==== Data below ====

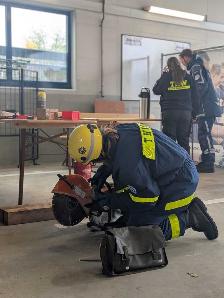 Nach intensiver Vorbereitung legten die angehenden Helferinnen und Helfer erfolgreich ihre Abschlussprüfung ab. Diese bestand aus einem schriftlichen Teil sowie verschiedenen praktischen Aufgaben. Dabei mussten sie unter anderem den sicheren Umgang mit hydraulischem Spreizer und Schere, das richtige Sichern von Verletzten auf einer Krankentrage, den Einsatz eines Trennschleifers sowie das Bedienen eines Stromaggregats unter Beweis stellen – alles grundlegende Fähigkeiten eines THW-Helfers oder einer THW-Helferin.
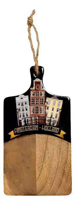 Een elegant zwart versierd kaasplank, die mooi zal afsteken tegen een geel stukje kaas. De bovenkant is versierd met Amsterdamse grachtenhuisjes en de tekst "Amsterdam-Holland".
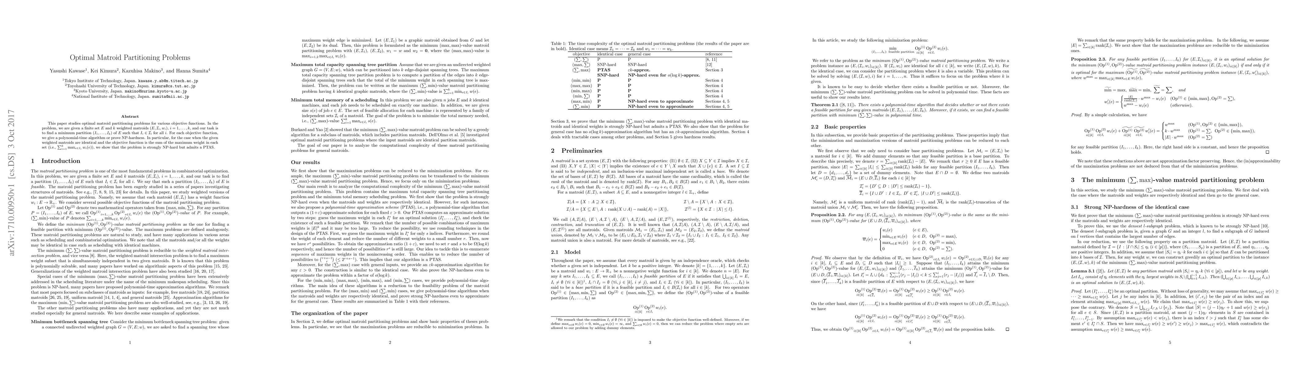 This paper explores optimal matroid partitioning problems for various objective functions, providing polynomial-time algorithms or NP-hardness proofs. It specifically shows that partitioning identical weighted matroids to minimize the sum of maximum weights is strongly NP-hard but can be approximated within any factor.

====

Work request — Once the pictures are set aside, restate the remaining data above exactly.

Expected answer —
 Nach intensiver Vorbereitung legten die angehenden Helferinnen und Helfer erfolgreich ihre Abschlussprüfung ab. Diese bestand aus einem schriftlichen Teil sowie verschiedenen praktischen Aufgaben. Dabei mussten sie unter anderem den sicheren Umgang mit hydraulischem Spreizer und Schere, das richtige Sichern von Verletzten auf einer Krankentrage, den Einsatz eines Trennschleifers sowie das Bedienen eines Stromaggregats unter Beweis stellen – alles grundlegende Fähigkeiten eines THW-Helfers oder einer THW-Helferin.
 Een elegant zwart versierd kaasplank, die mooi zal afsteken tegen een geel stukje kaas. De bovenkant is versierd met Amsterdamse grachtenhuisjes en de tekst "Amsterdam-Holland".
 This paper explores optimal matroid partitioning problems for various objective functions, providing polynomial-time algorithms or NP-hardness proofs. It specifically shows that partitioning identical weighted matroids to minimize the sum of maximum weights is strongly NP-hard but can be approximated within any factor.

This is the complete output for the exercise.